*** Opening Given records ***

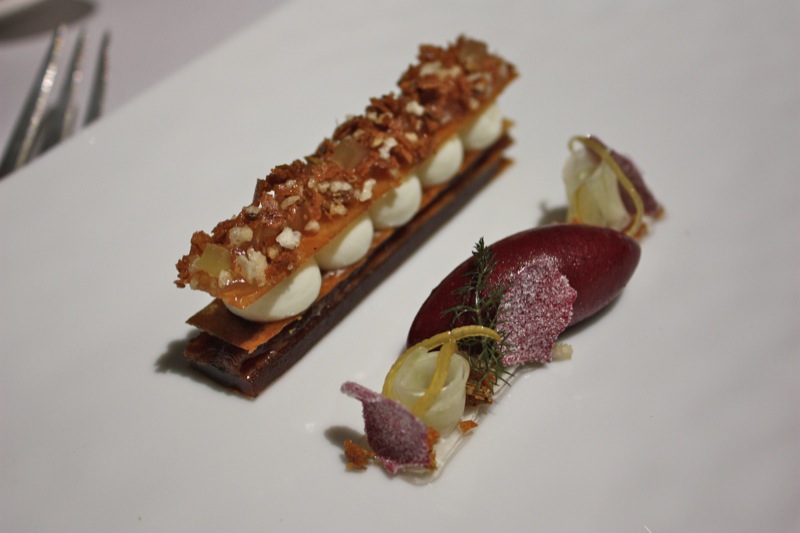 There was a lot going on in this dessert. I was sure I tasted violet. The server assured me it was rose, but I tasted violet. I wonder why? What was it, Chef Blumenthal, that brought that taste memory forward for me? The crunchy pastry and rose scented cream with the lemon bits and the cassis sorbet… all heaven. And I was really ready for a sweet treat by this time. The rose petals must have been made in house as they are just like the ones I make and nothing like the commercial ones in the South of France. There was a gelatin layer in the tart that created yet another layer of texture. Gorgeous, and yummy. No so simple. At all. But, perfect.
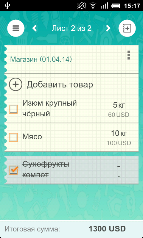 списки, вносите в них товары, которые нужно купить, указывайте их количество, цену.
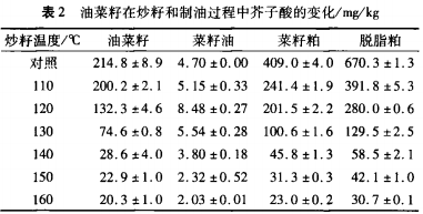 油菜籽中芥子酸的變化見表2。隨著炒籽溫度的升高,菜籽油中的芥子酸含量先增加后減少,在120℃時(shí)達(dá)到最大值,比對(duì)照增加80.4%。而油菜籽、菜籽粕和脫脂粕中的芥子酸含量均逐漸下降,在160℃時(shí),分別下降了90.5%、94.4%、95.4%。這可能是因?yàn)槲锪蠝囟壬?,芥子酸發(fā)生熱脫羧反應(yīng)生成Canolol,因此芥子酸含量隨炒籽溫度的升高而降低。
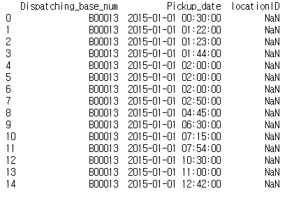 print(taxi.head(n=15))
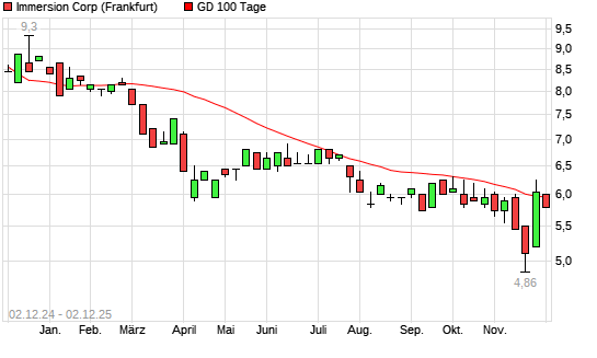 Mit dem Rücksetzer auf 5,80 EUR hat die Immersion-Aktie am 01.12.2025 die 100-Tage-Linie nach unten gekreuzt.Die Immersion-Aktie befindet sich seit dem 15.01.2025 im langfristigen Abwärtstrend ...weiterlesen

*** Closing Given records ***

Problem description →
Can you restate all the records above word for word while dropping the pictures?

Output for this task →
 There was a lot going on in this dessert. I was sure I tasted violet. The server assured me it was rose, but I tasted violet. I wonder why? What was it, Chef Blumenthal, that brought that taste memory forward for me? The crunchy pastry and rose scented cream with the lemon bits and the cassis sorbet… all heaven. And I was really ready for a sweet treat by this time. The rose petals must have been made in house as they are just like the ones I make and nothing like the commercial ones in the South of France. There was a gelatin layer in the tart that created yet another layer of texture. Gorgeous, and yummy. No so simple. At all. But, perfect.
 списки, вносите в них товары, которые нужно купить, указывайте их количество, цену.
 油菜籽中芥子酸的變化見表2。隨著炒籽溫度的升高,菜籽油中的芥子酸含量先增加后減少,在120℃時(shí)達(dá)到最大值,比對(duì)照增加80.4%。而油菜籽、菜籽粕和脫脂粕中的芥子酸含量均逐漸下降,在160℃時(shí),分別下降了90.5%、94.4%、95.4%。這可能是因?yàn)槲锪蠝囟壬?,芥子酸發(fā)生熱脫羧反應(yīng)生成Canolol,因此芥子酸含量隨炒籽溫度的升高而降低。
 print(taxi.head(n=15))
 Mit dem Rücksetzer auf 5,80 EUR hat die Immersion-Aktie am 01.12.2025 die 100-Tage-Linie nach unten gekreuzt.Die Immersion-Aktie befindet sich seit dem 15.01.2025 im langfristigen Abwärtstrend ...weiterlesen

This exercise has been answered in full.